▶ [WORK TO BE COMPLETED]
When writing out the entries below, keep only the lines from the line with "Figure 1: Picture" to the line with "Winter illumination is", both included, exactly as they are, and leave the pictures aside.

^^^^

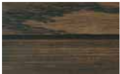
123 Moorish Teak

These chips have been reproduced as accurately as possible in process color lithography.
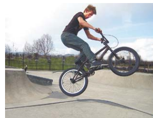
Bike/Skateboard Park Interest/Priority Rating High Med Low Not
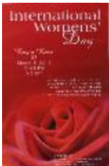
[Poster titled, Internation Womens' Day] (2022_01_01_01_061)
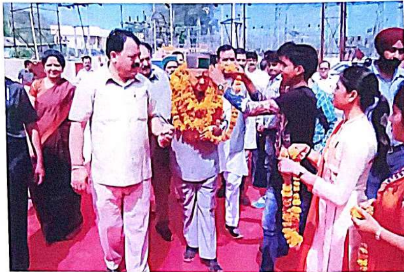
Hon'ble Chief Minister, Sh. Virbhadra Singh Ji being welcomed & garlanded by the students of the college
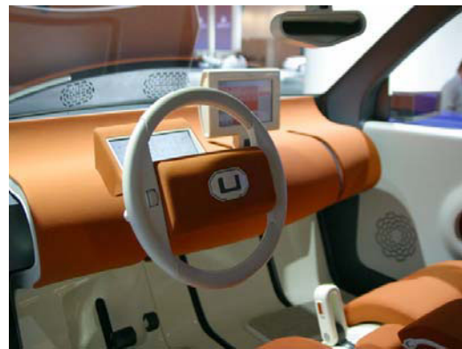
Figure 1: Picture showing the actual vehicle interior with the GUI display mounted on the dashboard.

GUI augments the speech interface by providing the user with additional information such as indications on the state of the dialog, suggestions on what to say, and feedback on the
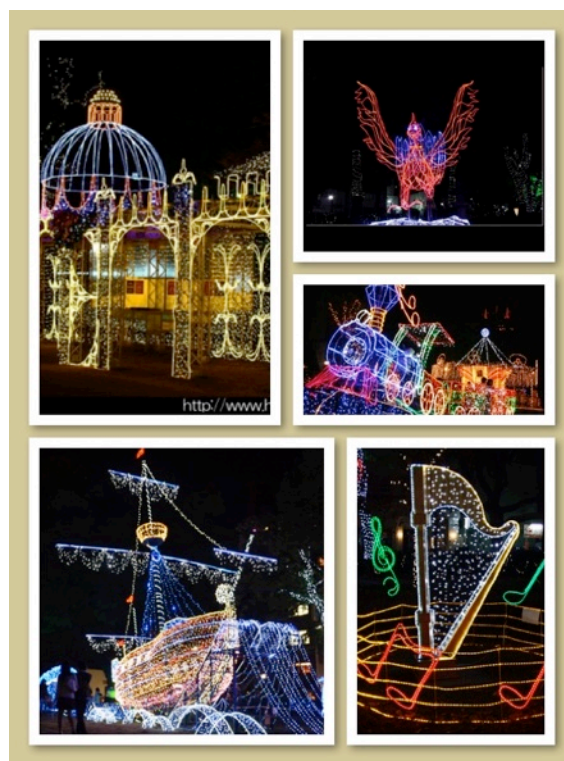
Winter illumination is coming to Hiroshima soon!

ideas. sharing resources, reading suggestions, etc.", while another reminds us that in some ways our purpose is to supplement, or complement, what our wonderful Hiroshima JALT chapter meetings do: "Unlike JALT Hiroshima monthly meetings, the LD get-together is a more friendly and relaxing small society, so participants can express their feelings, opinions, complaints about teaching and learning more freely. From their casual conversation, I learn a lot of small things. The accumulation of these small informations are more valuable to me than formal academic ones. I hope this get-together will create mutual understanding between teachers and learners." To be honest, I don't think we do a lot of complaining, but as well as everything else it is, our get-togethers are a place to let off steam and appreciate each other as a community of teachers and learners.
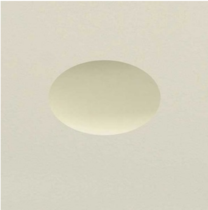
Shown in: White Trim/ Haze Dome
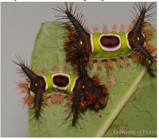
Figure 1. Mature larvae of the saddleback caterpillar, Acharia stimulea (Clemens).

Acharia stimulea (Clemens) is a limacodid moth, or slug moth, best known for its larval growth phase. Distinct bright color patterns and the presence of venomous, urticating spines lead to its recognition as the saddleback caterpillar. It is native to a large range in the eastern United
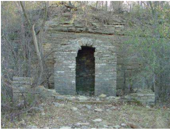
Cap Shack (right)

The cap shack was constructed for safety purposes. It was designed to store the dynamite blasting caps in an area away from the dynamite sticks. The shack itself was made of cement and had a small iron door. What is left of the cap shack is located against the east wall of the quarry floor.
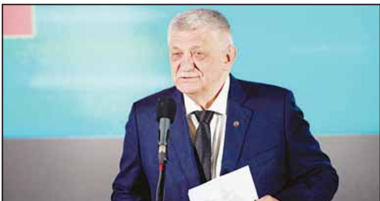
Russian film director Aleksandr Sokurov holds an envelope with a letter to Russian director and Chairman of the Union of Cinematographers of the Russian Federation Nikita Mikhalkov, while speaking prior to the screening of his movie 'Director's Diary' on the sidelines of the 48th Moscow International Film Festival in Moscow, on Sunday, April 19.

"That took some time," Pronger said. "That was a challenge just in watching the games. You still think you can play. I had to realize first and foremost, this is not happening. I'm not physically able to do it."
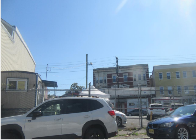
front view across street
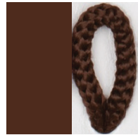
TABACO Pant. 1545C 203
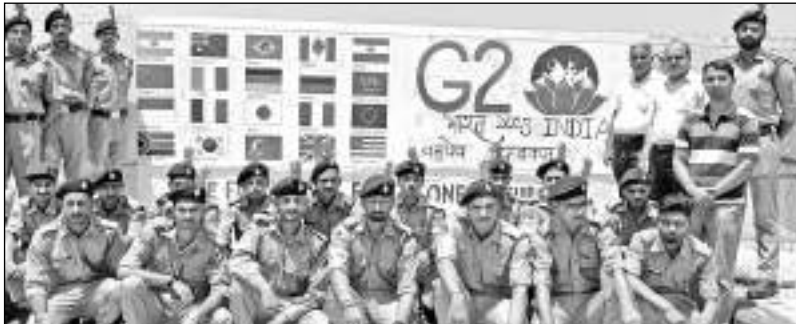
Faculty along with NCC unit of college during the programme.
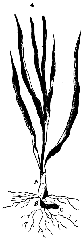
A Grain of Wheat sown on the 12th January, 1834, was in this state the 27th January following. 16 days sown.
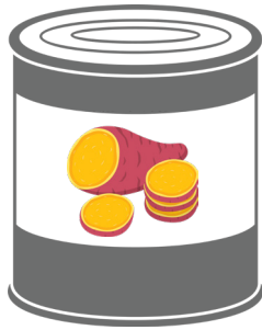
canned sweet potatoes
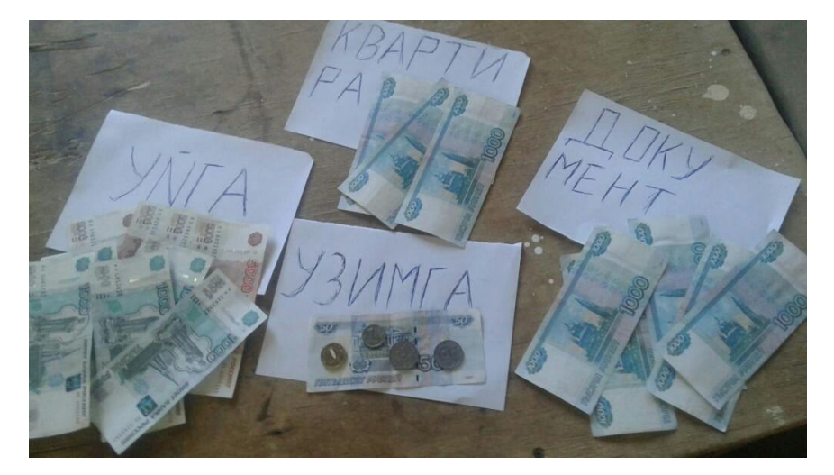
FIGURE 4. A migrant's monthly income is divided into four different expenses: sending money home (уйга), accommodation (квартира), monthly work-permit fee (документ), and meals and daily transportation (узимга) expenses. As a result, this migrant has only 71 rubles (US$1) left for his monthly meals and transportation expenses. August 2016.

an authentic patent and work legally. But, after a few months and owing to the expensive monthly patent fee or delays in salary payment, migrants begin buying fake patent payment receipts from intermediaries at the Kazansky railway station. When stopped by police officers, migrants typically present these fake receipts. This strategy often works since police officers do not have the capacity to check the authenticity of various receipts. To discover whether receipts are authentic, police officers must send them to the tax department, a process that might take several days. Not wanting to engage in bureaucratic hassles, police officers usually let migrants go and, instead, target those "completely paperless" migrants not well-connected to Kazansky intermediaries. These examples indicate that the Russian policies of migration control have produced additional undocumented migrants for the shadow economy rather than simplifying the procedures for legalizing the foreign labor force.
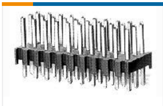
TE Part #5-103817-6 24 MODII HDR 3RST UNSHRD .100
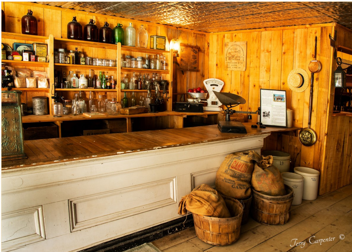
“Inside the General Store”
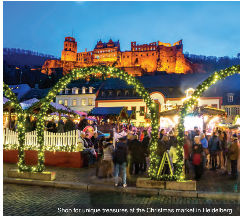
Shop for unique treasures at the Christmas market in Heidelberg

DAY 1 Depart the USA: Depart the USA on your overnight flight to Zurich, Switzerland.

^^^^

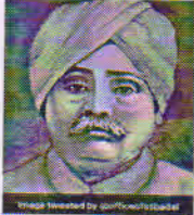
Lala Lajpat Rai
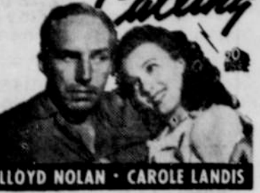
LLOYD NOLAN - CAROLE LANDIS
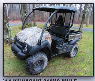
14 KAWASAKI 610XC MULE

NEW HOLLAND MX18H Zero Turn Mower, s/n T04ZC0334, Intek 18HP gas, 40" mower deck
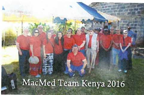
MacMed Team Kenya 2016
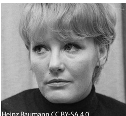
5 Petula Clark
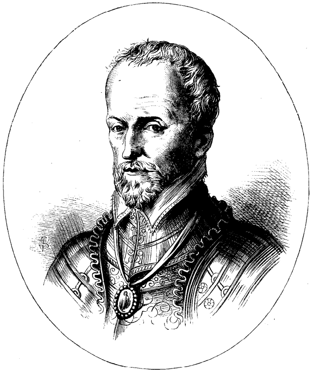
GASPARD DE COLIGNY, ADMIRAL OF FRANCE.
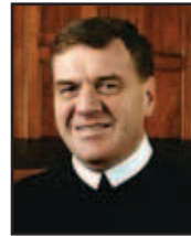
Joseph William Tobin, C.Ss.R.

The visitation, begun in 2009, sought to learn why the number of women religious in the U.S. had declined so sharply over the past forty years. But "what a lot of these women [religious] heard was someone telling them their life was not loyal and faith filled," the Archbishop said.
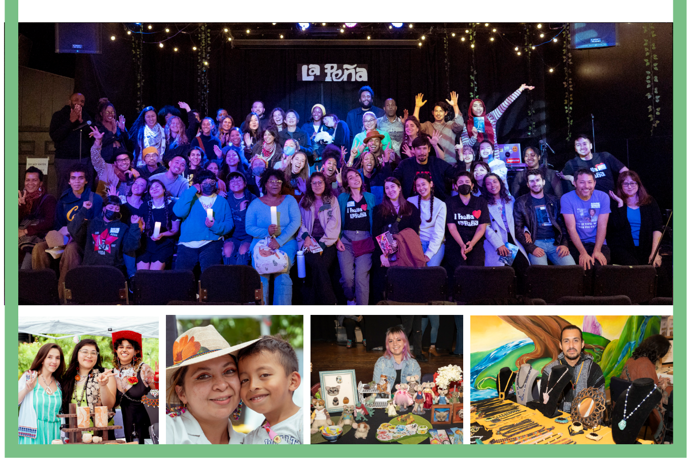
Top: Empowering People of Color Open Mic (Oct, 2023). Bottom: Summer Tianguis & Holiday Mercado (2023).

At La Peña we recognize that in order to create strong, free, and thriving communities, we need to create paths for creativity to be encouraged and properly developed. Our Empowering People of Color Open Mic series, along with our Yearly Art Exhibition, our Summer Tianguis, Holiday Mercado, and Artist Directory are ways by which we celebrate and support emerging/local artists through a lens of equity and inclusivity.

^^^^

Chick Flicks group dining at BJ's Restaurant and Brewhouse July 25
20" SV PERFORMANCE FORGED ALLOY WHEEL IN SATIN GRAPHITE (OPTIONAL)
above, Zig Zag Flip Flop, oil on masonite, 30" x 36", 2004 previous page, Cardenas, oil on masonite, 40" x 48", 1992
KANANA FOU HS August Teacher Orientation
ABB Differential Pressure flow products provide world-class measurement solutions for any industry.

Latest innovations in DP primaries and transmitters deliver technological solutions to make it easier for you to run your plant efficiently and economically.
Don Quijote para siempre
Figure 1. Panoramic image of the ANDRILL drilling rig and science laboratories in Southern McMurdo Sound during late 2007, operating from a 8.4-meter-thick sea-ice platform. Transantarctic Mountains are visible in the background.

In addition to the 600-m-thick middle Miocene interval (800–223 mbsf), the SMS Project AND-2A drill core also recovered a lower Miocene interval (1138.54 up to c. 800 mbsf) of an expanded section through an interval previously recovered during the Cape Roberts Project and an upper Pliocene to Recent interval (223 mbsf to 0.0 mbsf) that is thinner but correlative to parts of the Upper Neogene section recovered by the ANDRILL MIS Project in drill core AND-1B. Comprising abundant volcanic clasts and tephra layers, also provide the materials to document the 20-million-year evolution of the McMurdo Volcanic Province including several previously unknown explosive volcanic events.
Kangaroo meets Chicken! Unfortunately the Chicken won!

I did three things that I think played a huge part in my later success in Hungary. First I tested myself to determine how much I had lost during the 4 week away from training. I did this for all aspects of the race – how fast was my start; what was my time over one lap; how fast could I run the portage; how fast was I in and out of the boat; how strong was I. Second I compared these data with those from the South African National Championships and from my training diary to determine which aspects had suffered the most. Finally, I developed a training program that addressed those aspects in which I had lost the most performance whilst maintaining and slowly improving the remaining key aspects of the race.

^^^^

▶ [WRITTEN SOLUTION]
Figure 1: Picture showing the actual vehicle interior with the GUI display mounted on the dashboard.

GUI augments the speech interface by providing the user with additional information such as indications on the state of the dialog, suggestions on what to say, and feedback on the
Winter illumination is coming to Hiroshima soon!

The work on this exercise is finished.